The children in my school are not all Jewish. I am the only Jewish child in my class. Herman is one year behind and Hugo is two years ahead. We three go together to Hebrew class on Saturday afternoons, when we learn the language parrot fashion: the alphabet, the sounds, the prayers, line by line with the translation into German. At school, we are not allowed to stay in the classroom for ‘Catholic education’. I sit in the cloakroom with two Protestant children
and wait until the lesson is over.

I take sandwiches every day for the mid-morning break and I take extra ones for Gertrude, who comes from a poor family, the teacher says. I like Gertrude. She is tall and bony with black, lank hair and ringed, dark eyes. She comes to my house but I am never asked to hers and I never meet any of her family.

My father’s secretary is not Jewish. She spends a great deal of time with us because, my mother says, she is a lonely person, without a husband or children. So the secretary becomes my best friend. ‘Fräulein’ plays with me, reads to me, takes me out, talks to me about her hard life. My mother says that Fräulein has patience, an admired quality in our more restless household.

Our neighbours are not Jewish. They are decent Austrians. They are not anti-Semitic. The doctor’s elderly parents are ‘solid’, my parents say.
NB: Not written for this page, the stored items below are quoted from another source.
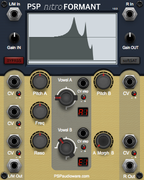 オーディオ素材のフォルマントを、クリエイティブに編集できる「PSP nitroFormant」は、PSP N2Oの柔軟なデュアル・フォルマント・フィルターをモジュール化したものです。ピッチ調整用に個別のフィルターを搭載し、フォルマントを滑らかに変形させます。また、マスター入出力ゲイン、周波数 /レゾナンス、および有名なsoftSATサチュレーションも搭載。マスターステレオのCVイン/アウトだけでなく、Pitch A/B、Resonance、Frequency、Morphを操作する個別のCVインも搭載しており、無限の創造性をもたらします!
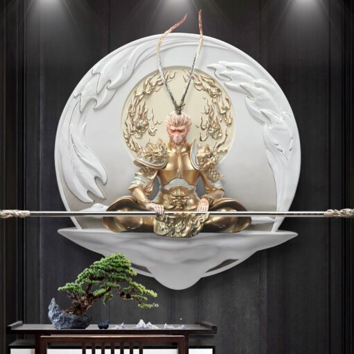 Tranh phù điêu 3D Tôn Ngộ Không có thể treo trên sofa hay treo trên kệ decor hành lang phòng khách.
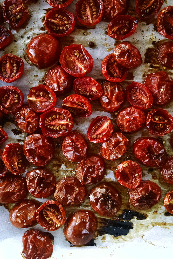 Roast the tomatoes. Preheat the oven to 350F. Line a baking sheet with parchment paper, arrange the tomatoes in one layer, drizzle with olive oil and sprinkle with salt & black pepper. Roast for about one hour, until the tomatoes are shriveled and reduced in size. This technique is great for bringing out natural sweetness and flavor in even a mediocre tomato. When done, remove from oven and set aside..
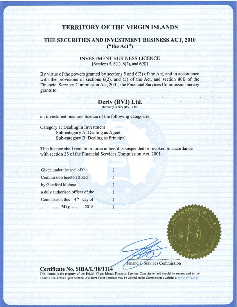 You can familiarize yourself with licenses from different regulators using the example of the Deriv broker , which provides trading in both binary options and the Forex market. The broker has many licenses, thanks to which he can operate in different countries, including Europe and Asia:
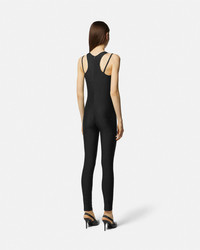 DETAILS A stretch, slim fit halterneck jumpsuit accented by crystal embellishments throughout and the Institutional logo hardware on the left shoulder strap. - Institutional logo hardware - Crystal embellishments - Sleeveless - Shoulder straps - Halterneck - Back zip closure - Outer composition: 80% Polyester, 20% Elastane Item: E76HANE05-ECJXXE_E899 SIZE & FIT - The model is 5'11" tall and wears size S - All sizes fit Italian standards
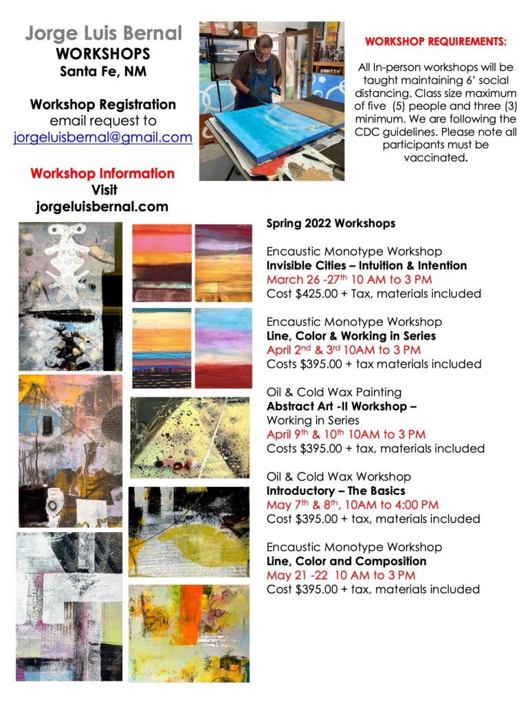Instructor Jorge Luis Bernal will be offering these workshops at his studio in Santa Fe.
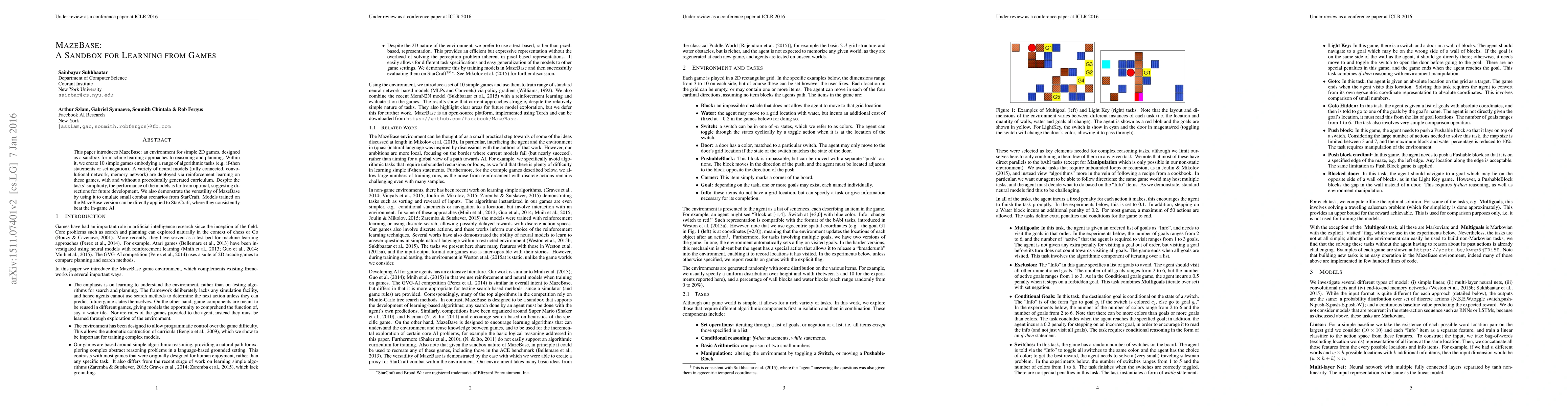 MazeBase is a sandbox for machine learning in simple 2D games, testing various neural models on algorithmic tasks. Despite the simplicity, models show suboptimal performance, indicating room for improvement, and can be applied to emulate StarCraft combat scenarios.

Her sister is considered to be more flighty, and confirms this view when she marries a member of the National Socialist Party. But that comes later. Now, the apartment next door is homely and I am welcome any time. There are always baked biscuits and apples from their own tree. The doctor’s mother lets me watch while she cooks; it doesn’t make her irritable as it does my own mother, and I like to watch. I also like to watch the doctor’s father while he works in the garden. I trail around after him. He gives me his attention but we hardly speak.

This Christmas is exactly like all the others. As soon as it is dark, Dr Richter rings our bell, I am ready, I open the door, I take her hand and cross the hall with her and we go into her festive home. Half an hour later my parents come to collect me. I am tearful and they wisely remove me rapidly, wishing our neighbours a Merry Christmas.

There are no more such Christmases to come.